Data supplied —
----------

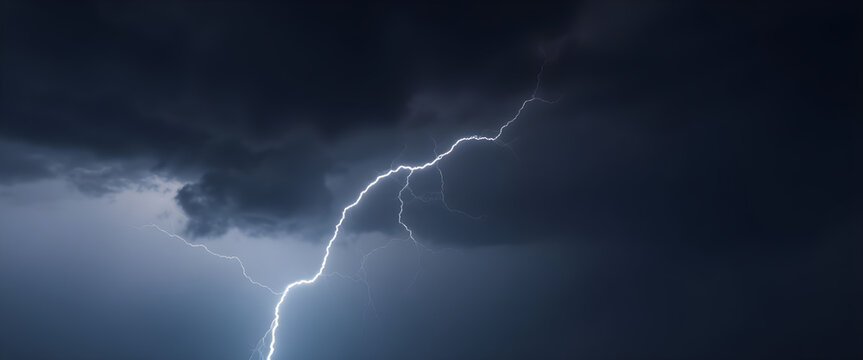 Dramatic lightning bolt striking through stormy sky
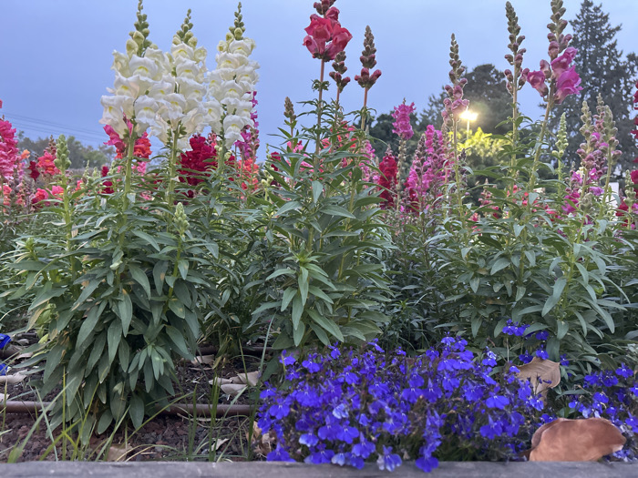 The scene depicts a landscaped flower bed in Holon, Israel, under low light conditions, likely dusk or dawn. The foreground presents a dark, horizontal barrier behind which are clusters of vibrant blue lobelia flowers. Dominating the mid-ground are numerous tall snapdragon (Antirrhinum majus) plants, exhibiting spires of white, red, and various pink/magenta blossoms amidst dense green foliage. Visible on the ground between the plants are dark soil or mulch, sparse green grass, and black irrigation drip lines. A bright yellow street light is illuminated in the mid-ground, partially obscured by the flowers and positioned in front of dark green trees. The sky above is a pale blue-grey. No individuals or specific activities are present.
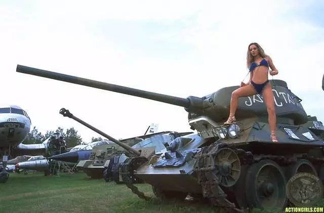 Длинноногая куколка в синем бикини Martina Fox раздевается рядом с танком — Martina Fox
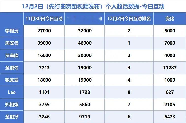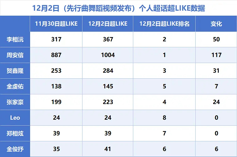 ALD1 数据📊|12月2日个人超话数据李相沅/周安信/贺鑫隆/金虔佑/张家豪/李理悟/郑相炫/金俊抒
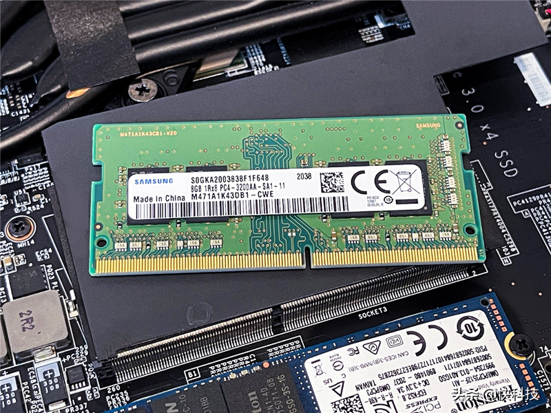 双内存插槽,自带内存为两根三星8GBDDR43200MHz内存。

----------

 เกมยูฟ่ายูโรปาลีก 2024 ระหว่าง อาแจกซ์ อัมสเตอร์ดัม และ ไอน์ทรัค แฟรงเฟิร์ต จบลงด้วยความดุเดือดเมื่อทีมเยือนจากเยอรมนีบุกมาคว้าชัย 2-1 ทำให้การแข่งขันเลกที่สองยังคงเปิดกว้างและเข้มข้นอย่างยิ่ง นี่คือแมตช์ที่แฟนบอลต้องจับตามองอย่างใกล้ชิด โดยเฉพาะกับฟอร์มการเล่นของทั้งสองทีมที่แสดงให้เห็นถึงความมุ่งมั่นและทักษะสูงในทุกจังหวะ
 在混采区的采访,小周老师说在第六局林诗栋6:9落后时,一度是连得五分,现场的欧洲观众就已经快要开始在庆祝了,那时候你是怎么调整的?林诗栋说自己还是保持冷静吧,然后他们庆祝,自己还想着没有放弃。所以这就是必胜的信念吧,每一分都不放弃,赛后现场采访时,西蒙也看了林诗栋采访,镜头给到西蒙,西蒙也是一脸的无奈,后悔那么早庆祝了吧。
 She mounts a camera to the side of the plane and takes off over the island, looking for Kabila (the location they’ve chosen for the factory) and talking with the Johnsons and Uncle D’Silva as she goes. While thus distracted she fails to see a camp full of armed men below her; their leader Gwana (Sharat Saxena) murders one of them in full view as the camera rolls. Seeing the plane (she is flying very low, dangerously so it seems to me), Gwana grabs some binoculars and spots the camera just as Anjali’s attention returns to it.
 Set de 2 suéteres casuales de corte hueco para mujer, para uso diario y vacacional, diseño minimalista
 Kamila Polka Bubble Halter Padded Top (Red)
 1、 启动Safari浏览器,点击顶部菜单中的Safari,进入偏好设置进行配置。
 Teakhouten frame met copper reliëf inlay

----------

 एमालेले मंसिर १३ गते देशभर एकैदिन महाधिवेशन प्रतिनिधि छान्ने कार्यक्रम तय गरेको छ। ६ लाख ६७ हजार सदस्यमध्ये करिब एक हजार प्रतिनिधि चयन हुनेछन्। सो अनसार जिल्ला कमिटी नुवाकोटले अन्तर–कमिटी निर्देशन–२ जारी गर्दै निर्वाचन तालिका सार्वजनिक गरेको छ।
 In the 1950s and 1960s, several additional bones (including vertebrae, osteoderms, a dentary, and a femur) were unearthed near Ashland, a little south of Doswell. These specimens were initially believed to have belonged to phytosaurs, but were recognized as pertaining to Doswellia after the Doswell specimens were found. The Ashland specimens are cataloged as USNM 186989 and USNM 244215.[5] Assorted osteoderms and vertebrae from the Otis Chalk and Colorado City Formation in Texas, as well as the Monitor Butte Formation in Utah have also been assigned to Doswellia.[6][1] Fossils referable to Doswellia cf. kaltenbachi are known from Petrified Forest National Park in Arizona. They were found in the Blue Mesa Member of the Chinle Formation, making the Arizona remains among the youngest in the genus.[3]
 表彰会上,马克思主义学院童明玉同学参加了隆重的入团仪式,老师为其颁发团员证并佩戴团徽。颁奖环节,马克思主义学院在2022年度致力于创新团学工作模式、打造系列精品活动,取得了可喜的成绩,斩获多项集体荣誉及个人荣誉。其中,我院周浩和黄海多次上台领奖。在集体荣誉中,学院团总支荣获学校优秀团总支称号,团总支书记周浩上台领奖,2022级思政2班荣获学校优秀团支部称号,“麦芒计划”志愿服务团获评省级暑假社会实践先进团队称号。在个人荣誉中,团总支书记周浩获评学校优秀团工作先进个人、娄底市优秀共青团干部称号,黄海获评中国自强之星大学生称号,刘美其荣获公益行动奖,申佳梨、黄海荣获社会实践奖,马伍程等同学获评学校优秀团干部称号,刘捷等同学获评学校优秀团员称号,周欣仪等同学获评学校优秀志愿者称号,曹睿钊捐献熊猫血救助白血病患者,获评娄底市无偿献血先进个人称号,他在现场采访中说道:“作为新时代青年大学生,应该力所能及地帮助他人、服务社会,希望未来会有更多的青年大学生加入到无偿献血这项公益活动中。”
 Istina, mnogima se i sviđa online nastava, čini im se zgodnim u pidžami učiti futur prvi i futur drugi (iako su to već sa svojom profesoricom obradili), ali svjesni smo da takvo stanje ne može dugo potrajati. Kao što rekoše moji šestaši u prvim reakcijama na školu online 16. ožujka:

----------

Problem — Starting with the line above that holds "In the 1950s" and stopping with the line that holds "表彰会上,马克思主义学院童明", reproduce each line exactly, omitting all other lines.

Solution —
 In the 1950s and 1960s, several additional bones (including vertebrae, osteoderms, a dentary, and a femur) were unearthed near Ashland, a little south of Doswell. These specimens were initially believed to have belonged to phytosaurs, but were recognized as pertaining to Doswellia after the Doswell specimens were found. The Ashland specimens are cataloged as USNM 186989 and USNM 244215.[5] Assorted osteoderms and vertebrae from the Otis Chalk and Colorado City Formation in Texas, as well as the Monitor Butte Formation in Utah have also been assigned to Doswellia.[6][1] Fossils referable to Doswellia cf. kaltenbachi are known from Petrified Forest National Park in Arizona. They were found in the Blue Mesa Member of the Chinle Formation, making the Arizona remains among the youngest in the genus.[3]
 表彰会上,马克思主义学院童明玉同学参加了隆重的入团仪式,老师为其颁发团员证并佩戴团徽。颁奖环节,马克思主义学院在2022年度致力于创新团学工作模式、打造系列精品活动,取得了可喜的成绩,斩获多项集体荣誉及个人荣誉。其中,我院周浩和黄海多次上台领奖。在集体荣誉中,学院团总支荣获学校优秀团总支称号,团总支书记周浩上台领奖,2022级思政2班荣获学校优秀团支部称号,“麦芒计划”志愿服务团获评省级暑假社会实践先进团队称号。在个人荣誉中,团总支书记周浩获评学校优秀团工作先进个人、娄底市优秀共青团干部称号,黄海获评中国自强之星大学生称号,刘美其荣获公益行动奖,申佳梨、黄海荣获社会实践奖,马伍程等同学获评学校优秀团干部称号,刘捷等同学获评学校优秀团员称号,周欣仪等同学获评学校优秀志愿者称号,曹睿钊捐献熊猫血救助白血病患者,获评娄底市无偿献血先进个人称号,他在现场采访中说道:“作为新时代青年大学生,应该力所能及地帮助他人、服务社会,希望未来会有更多的青年大学生加入到无偿献血这项公益活动中。”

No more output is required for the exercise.